James River Ecology School students will “Get Their Feet Wet”

James River Ecology School students hard at work. Photo courtesy of Sandra Marr
James River Ecology School students hard at work. Photo courtesy of Sandra Marr

The U.S. Fish and Wildlife Service (Service) and the James River Association recently began their “Wet Feet” campaign to build a youth ecology school at Presquile National Wildlife Refuge in Virginia. The school is being funded by donations from private foundations and individuals as well as a $125,000 challenge grant from the Mary Morton Parsons Foundation. At the James River Ecology School, students will have a fun and unique opportunity to learn about the James River and “get their feet wet.”

The James River Ecology School will be located on Presquile Island, a 1329-acre uninhabited island on the James River. An existing ranger house on the island is being renovated to include a meeting room, staff quarters kitchen and dining hall, and bunkhouse for up to 30 people. A wetland walkway, classroom pavilion and canoe launch are also being constructed to provide students with outdoor spaces to learn. Construction of the school will be finished in the spring of 2011 and will begin hosting students in the fall.

On the island, students will take part in a fun and interactive curriculum that will be taught to the Virginia Standards of Learning. A full-time ecology school leader will teach classes and field trips assisted by an educator/boat captain and an intern.

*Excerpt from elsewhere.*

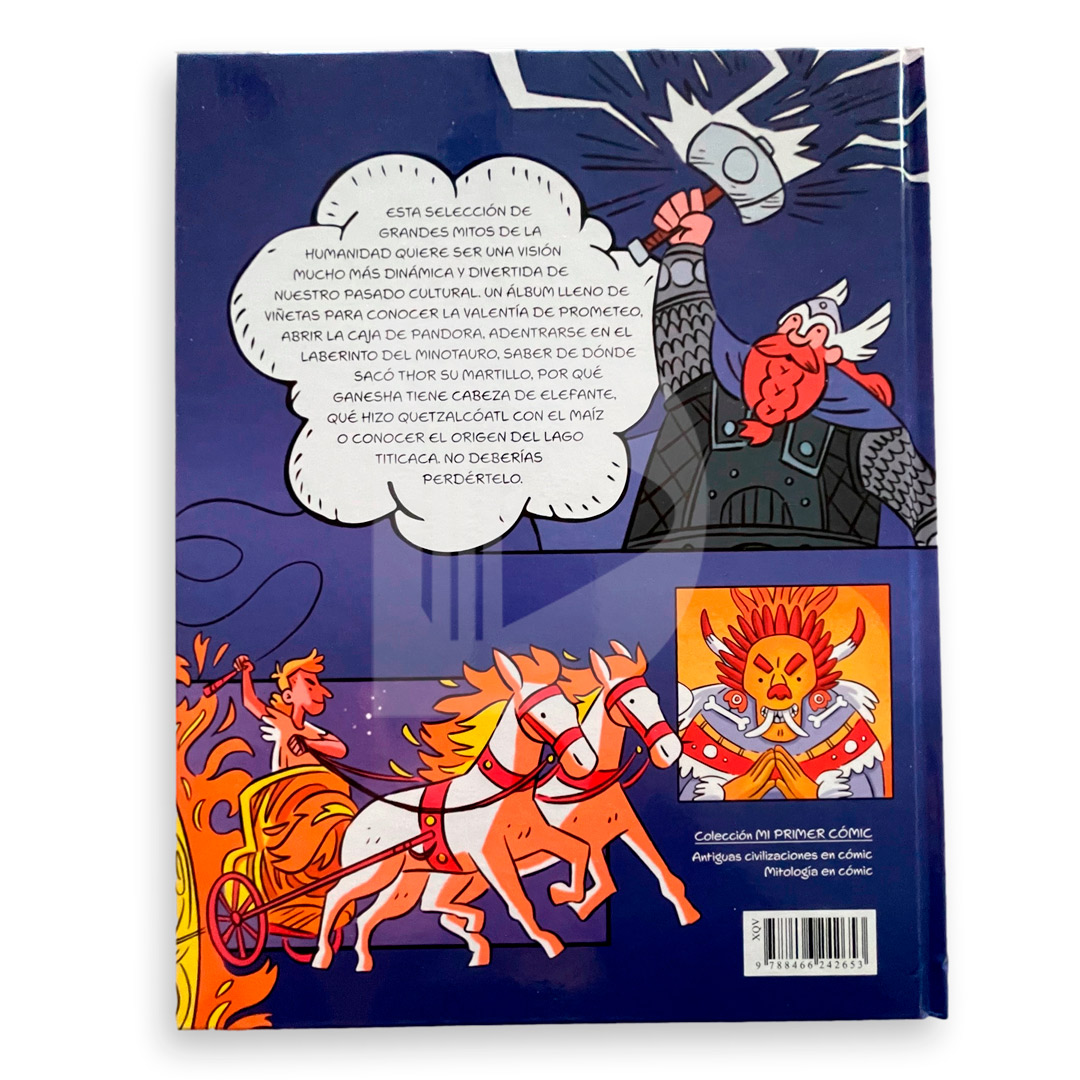 Esta selección de grandes mitos de la humanidad quiere ser una visión mucho más dinámica y divertida de nuestro pasado cultural. Un álbum lleno de viñetas para conocer la valentía de Prometeo, abrir la caja de Pandora, adentrarse en el laberinto del Minotauro, saber dónde sacó Thor su martillo, por qué Ganesha tiene cabeza de elefante, qué hizo Quetzalcoatl con el maíz o conocer el origen del lago Titicaca. No deberías perdértelo.

During the course of their three day- two night stay on the island, students will go on many outdoor excursions to learn hands-on about the ecology of the James River. Groups will have at least two boat trips on the river as well as a canoe trip up a tidal creek in a swamp. They will also go on several walking and wading expeditions around the island. 

On a typical day, students might go on an early morning bird walk, have breakfast and split into two smaller groups. Each group will have two sets of active, outdoor lessons in the morning and two more after lunch. These activities will include water quality testing, canoe paddling, biodiversity assessments and species counts. There will be an evening program every night after dinner including a campfire talk about history and culture around the James River.

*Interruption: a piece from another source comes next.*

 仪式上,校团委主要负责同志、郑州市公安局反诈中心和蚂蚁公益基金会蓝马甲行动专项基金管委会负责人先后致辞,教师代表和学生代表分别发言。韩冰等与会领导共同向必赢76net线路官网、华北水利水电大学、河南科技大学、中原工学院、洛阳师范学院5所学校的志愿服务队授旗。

The Service will play an integral role in the future of the James River Ecology School. The James River Association and the Service have a memorandum of understanding between them stating that they will collaborate with each other on all aspects of the school. The Service will review the curriculum, assist with field trips, allow the use of its land and facilities, provide special-use permits for activities and promote the program. The two organizations will meet annually to go over the memorandum and coordinate their efforts.

Students of the James River Ecology School will gain more knowledge and awareness of their environment as well as develop an increased sense of self-confidence in outdoor settings. Hopefully, when they return home, they will become environmental leaders in their own schools. The main goal of the ecology school goes hand in hand with the Service’s priority to connect people with nature and promote environmental stewardship for the future. Together, the James River Association and the Service have made this mission possible with their “Wet Feet” campaign.